It meant miners would no longer need to wait months for samples to be analysed before they could make decisions, he said.
When this technology was combined with an autonomous RC rig being developed by Wallis, the mining industry would have greater capacity for remotely monitoring and directing drilling operations, according to Dr Hopper.
“The products that we’re developing, we believe, could increase drilling efficiency rates somewhere between 30 per cent and 50 per cent,” he said.
“That is obviously of interest because the miners can do everything faster and cheaper, but also because of the ability to get real-time information while drilling.
“In the past, a drilling rig would need four people to drill, plus a geologist.
“Between the technology we’re providing for use during the drilling process, and the automated rig by Wallis, the drilling can be done from an operations base in Perth, rather than onsite.”

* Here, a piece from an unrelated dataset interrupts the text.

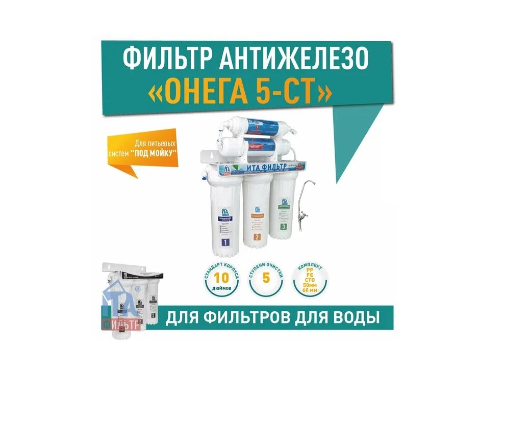 «Онега-5ст-Антижелезо» F10520-Fe — питьевая система очистки воды, которая обеспечивает пятиступенчатую очистку. Задерживает механические примеси, удаляет соли железа, а модули сорбционной и комплексной очистки удаляют органические и неорганические загрязнения, соединения различных металлов и другие примеси.

Dr Hopper said the new funding would enable Qteq to develop its research on a larger scale.
“Australian companies are generally very innovative, you have a lot of great startups that do well, but getting to that next step is the hard part,” he said.
“So grants like this really help to allow companies like ours to take on the bigger stuff.”
Despite other research being carried out in Australia to transfer oil and gas technology to the mining arena, Dr Hopper said Qteq’s connection to industry provided an important advantage.
“I was an academic early in my career, but I moved into industry really quickly,” he said.
“With industry you can just get things done quicker.”
Dr Hopper said Qteq’s technology would be a cost shift for miners – the initial investment would be higher, but remote operations would decrease the monetary and lifestyle cost of fly-in, fly-out workers.
Once development was complete, he said, the joint venture would be able to commercialise the technology.
This would require significant additional investment from industry partners in order to achieve a global rollout.
But perhaps the greatest challenge would be industry uptake, Dr Hopper said, as the mining sector often found it challenging to adopt high-tech tools that could result in a substantial operational shift.
However, he is confident that the industry is prepared and willing to adopt the tools that Qteq can provide.
“A lot of our clients have already told us they want these tools, they see them as the future,” Dr Hopper said.
“So we are pretty optimistic that this new technology will be taken up pretty quickly, in which case it will be a significant change.”